Cap. XXVII Revolta numa rua estreita?

Pintou lento, Bajado, no ritmo que o limitado alcance de seus olhos permitiu; começou com a praça, as duas árvores ao lado do sobrado, atrás. Tão acostumado a pintar bandeiras, estandartes, que entre uma árvore e outra, pôs um poste com bandeiras amarradas, pavilhões com dizeres, sentenças.
Chica assistiu aos esboços, temeu no início; pensou que dali sairia uma troça de carnaval. Quis falar, interromper, mas…

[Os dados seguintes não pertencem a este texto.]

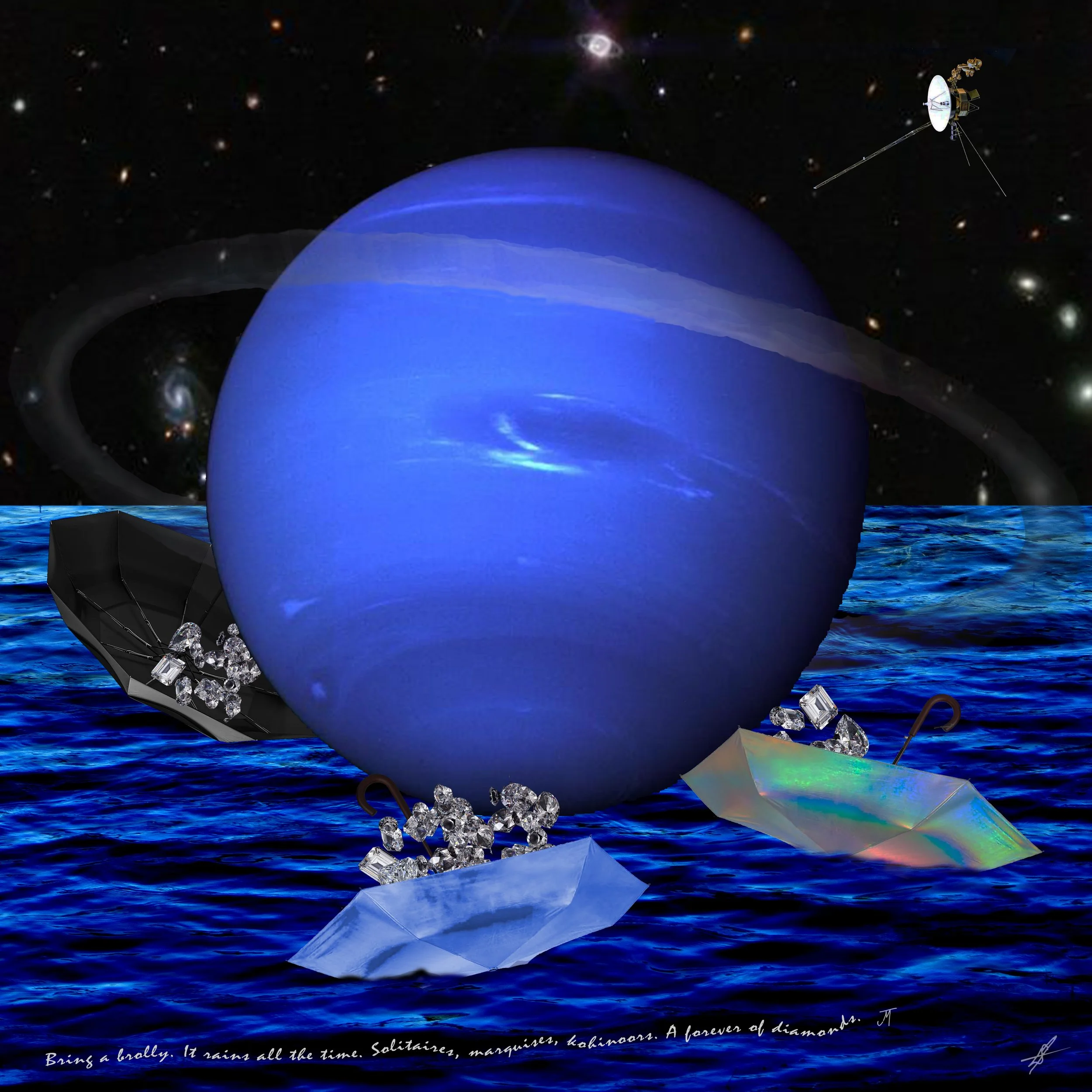 Using aluminum and pigment prints, a touch of neon and LED, with a lot of help from NASA, artist and writer take a small tour of a very large neighborhood. To see what happened. And what happens next.

Bajado riscou os figurantes da marcha, a partir da retaguarda. Homens e mulheres barrigudos, gordos, pernas finas, todos com vassouras, pás, pincéis, martelos, formões, verrumas, puas; a maioria com avental branco, sujos, manchados; descalços uns, outros com chinelos amarrados aos calcanhares. As calças, azuis, folgadas na cintura feito velhos culotes. Ninguém nu da cintura para cima, com camisas ou camisetas abertas. Nas mulheres, desabotoou os vestidos, com dobras deixando ver indícios de corpetes, sutiãs; vestidos de brocado, com relevo em bordados azuis, combinando com as calças dos homens. Toucas brancas sobre mechas de cabelos escapando sob os laços; outras despenteadas, rostos para cima, de lado, para baixo. Não pulavam frevo, corriam tresloucadas. Surgiu uma multidão em marcha. Em cada rosto, misturo u alegria com birra, obstinação.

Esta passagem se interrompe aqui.